• Aim of the exercise: All lines below containing "sleek" are to be listed.

• Supplied data:
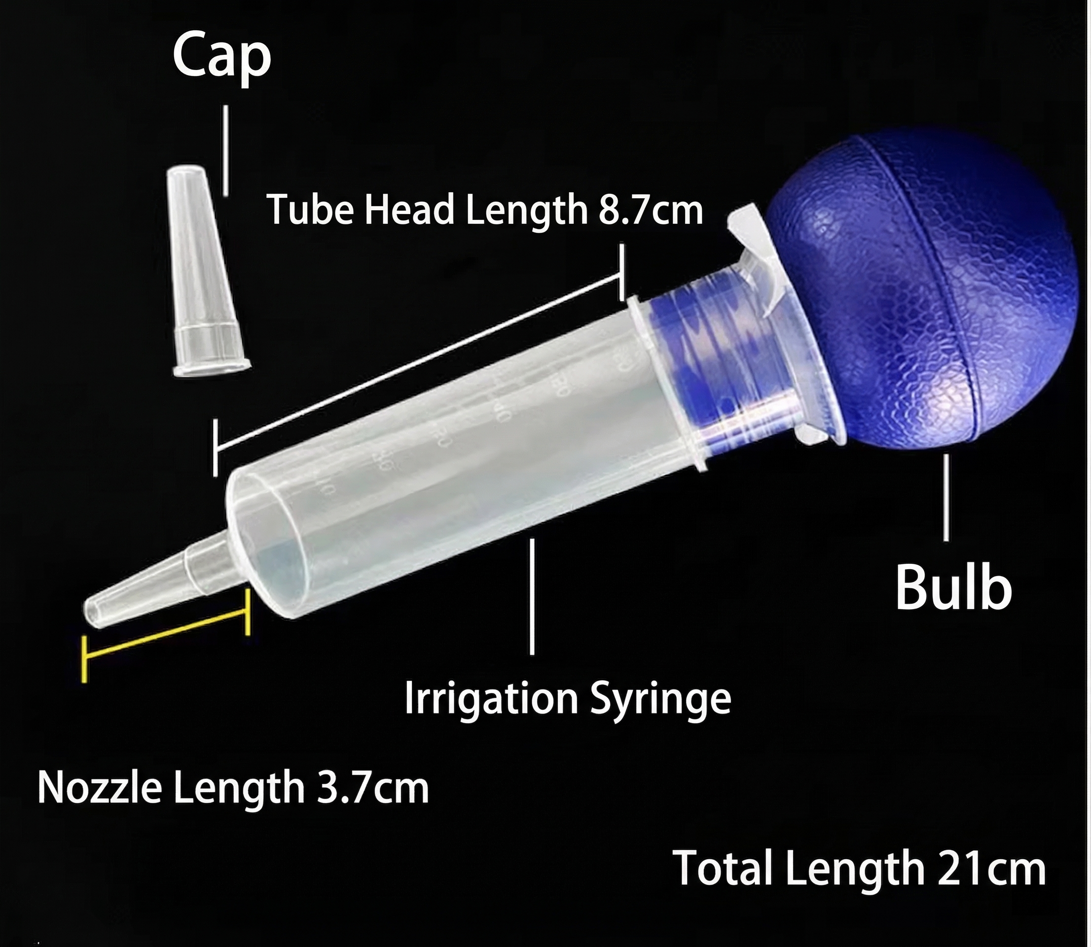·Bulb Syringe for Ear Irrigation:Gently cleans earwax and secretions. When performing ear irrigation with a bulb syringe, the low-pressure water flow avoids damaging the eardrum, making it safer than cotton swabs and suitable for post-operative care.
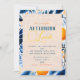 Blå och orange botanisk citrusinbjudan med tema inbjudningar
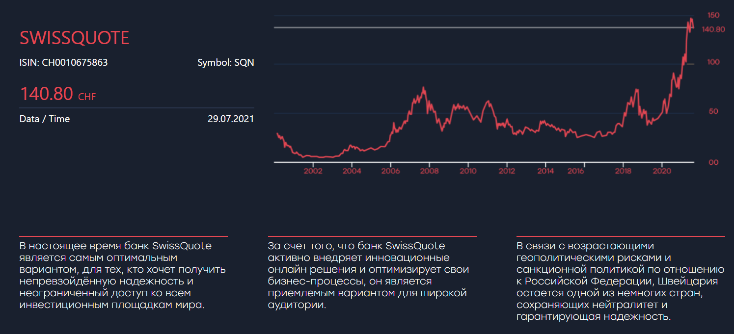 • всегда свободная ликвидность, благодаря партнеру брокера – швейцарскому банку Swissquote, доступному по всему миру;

---

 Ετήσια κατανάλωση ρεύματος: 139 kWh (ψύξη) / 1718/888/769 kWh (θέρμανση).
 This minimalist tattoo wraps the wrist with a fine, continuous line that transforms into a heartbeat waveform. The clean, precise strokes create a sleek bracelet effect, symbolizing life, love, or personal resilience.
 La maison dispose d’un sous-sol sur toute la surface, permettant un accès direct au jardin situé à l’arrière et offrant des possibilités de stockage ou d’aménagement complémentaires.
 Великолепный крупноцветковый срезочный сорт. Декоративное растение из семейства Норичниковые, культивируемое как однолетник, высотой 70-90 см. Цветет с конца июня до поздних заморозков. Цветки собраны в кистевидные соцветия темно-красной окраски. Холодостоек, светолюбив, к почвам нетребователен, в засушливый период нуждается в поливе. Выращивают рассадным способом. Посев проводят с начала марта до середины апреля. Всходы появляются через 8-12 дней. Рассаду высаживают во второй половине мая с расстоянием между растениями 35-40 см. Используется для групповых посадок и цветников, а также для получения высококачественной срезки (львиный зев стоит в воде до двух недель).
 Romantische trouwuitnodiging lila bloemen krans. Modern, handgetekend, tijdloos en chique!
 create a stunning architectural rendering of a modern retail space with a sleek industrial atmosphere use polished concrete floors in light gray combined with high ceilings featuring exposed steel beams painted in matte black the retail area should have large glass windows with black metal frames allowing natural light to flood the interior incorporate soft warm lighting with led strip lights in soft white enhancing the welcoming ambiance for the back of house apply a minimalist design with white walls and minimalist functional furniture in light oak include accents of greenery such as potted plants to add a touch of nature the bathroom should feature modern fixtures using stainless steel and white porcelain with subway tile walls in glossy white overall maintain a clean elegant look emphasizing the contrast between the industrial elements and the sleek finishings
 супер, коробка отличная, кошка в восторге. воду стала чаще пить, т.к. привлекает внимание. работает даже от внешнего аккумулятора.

• Response area:
 This minimalist tattoo wraps the wrist with a fine, continuous line that transforms into a heartbeat waveform. The clean, precise strokes create a sleek bracelet effect, symbolizing life, love, or personal resilience.
 create a stunning architectural rendering of a modern retail space with a sleek industrial atmosphere use polished concrete floors in light gray combined with high ceilings featuring exposed steel beams painted in matte black the retail area should have large glass windows with black metal frames allowing natural light to flood the interior incorporate soft warm lighting with led strip lights in soft white enhancing the welcoming ambiance for the back of house apply a minimalist design with white walls and minimalist functional furniture in light oak include accents of greenery such as potted plants to add a touch of nature the bathroom should feature modern fixtures using stainless steel and white porcelain with subway tile walls in glossy white overall maintain a clean elegant look emphasizing the contrast between the industrial elements and the sleek finishings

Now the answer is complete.